Step 1, Upgrade JunOS Remotely
Usually your RMA Device is delivered to the production environment to do replacement. You will have to remotely upgrade JunOS first.
login: root root> --- JUNOS 10.0R1.8 built 2009-11-03 10:06:39 UTC root> root> show version Model: srx240-hm JUNOS Software Release [10.0R1.8]
root> configure
Entering configuration mode
[edit]
root# delete
This will delete the entire configuration
Delete everything under this level? [yes,no] (no) yes
[edit]
root# set system root-authentication plain-text-password
New password:
Retype new password:
[edit]
root# commit and-quit
commit complete
Exiting configuration mode
root> set chassis cluster cluster-id 4 node 0 reboot
Successfully enabled chassis cluster. Going to reboot now
Some basic configurationon fxp0.0 interface and default static route. Also ssh service will need to be enabled.
root> show configuration
## Last commit: 2016-11-29 03:37:32 UTC by root
version 10.0R1.8;
system {
root-authentication {
encrypted-password "$1$2eav5HPL$01SUB9SOzDJl007hXhNVj0"; ## SECRET-DATA
}
services {
ssh;
}
}
interfaces {
fxp0 {
unit 0 {
family inet {
address 10.9.1.11/24;
}
}
}
}
routing-options {
static {
route 0.0.0.0/0 next-hop 10.9.1.1;
}
}
{primary:node0}
root> request system software add /var/tmp/junos-srxsme-12.1X46-D55.3-domestic.tgz reboot
NOTICE: Validating configuration against junos-srxsme-12.1X46-D55.3-domestic.tgz.

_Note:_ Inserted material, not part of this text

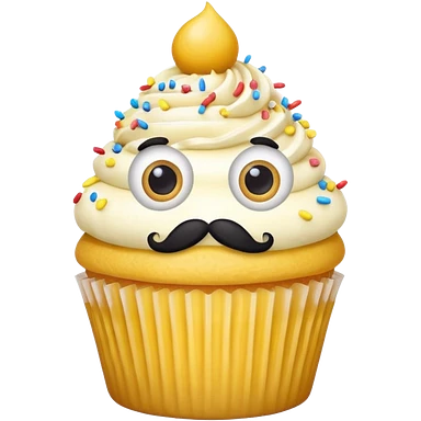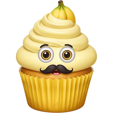 giant mustached, banana cupcake, big eyes emoji | AI Emoji Generator
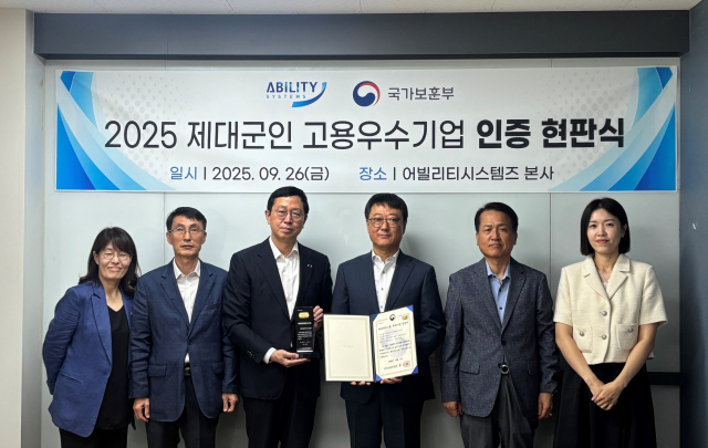 어빌리티시스템즈, 제대군인지원센터 우수기업 선정… 현판식 개최

NOTICE: Use the 'no-validate' option to skip this if desired.
Formatting alternate root (/dev/da0s2a)...
/dev/da0s2a: 298.0MB (610284 sectors) block size 16384, fragment size 2048
using 4 cylinder groups of 74.50MB, 4768 blks, 9600 inodes.
super-block backups (for fsck -b #) at:
32, 152608, 305184, 457760
** /dev/altroot
FILE SYSTEM CLEAN; SKIPPING CHECKS
clean, 150096 free (24 frags, 18759 blocks, 0.0% fragmentation)
Checking compatibility with configuration
Initializing...
Verified manifest signed by PackageProduction_10_0_0
Verified junos-10.0R1.8-domestic signed by PackageProduction_10_0_0
Using junos-12.1X46-D55.3-domestic from /altroot/cf/packages/install-tmp/junos-12.1X46-D55.3-domestic
Copying package ...
veriexec: cannot validate /cf/var/validate/chroot/junos/pkg/manifest.certs: unhandled critical extension: /C=US/ST=CA/L=Sunnyvale/O=Juniper Networks/OU=Juniper CA/CN=PackageProductionRSA_2016/emailAddress=ca@juniper.net
chroot: /usr/bin/hwdb_xml_parser: Authentication error
Unable to regenerate Hardware Database, skipping hardware database checks at install time
chroot: tar: Authentication error
Validating against /config/juniper.conf.gz
cp: /cf/var/validate/chroot/var/etc/resolv.conf and /etc/resolv.conf are identical (not copied).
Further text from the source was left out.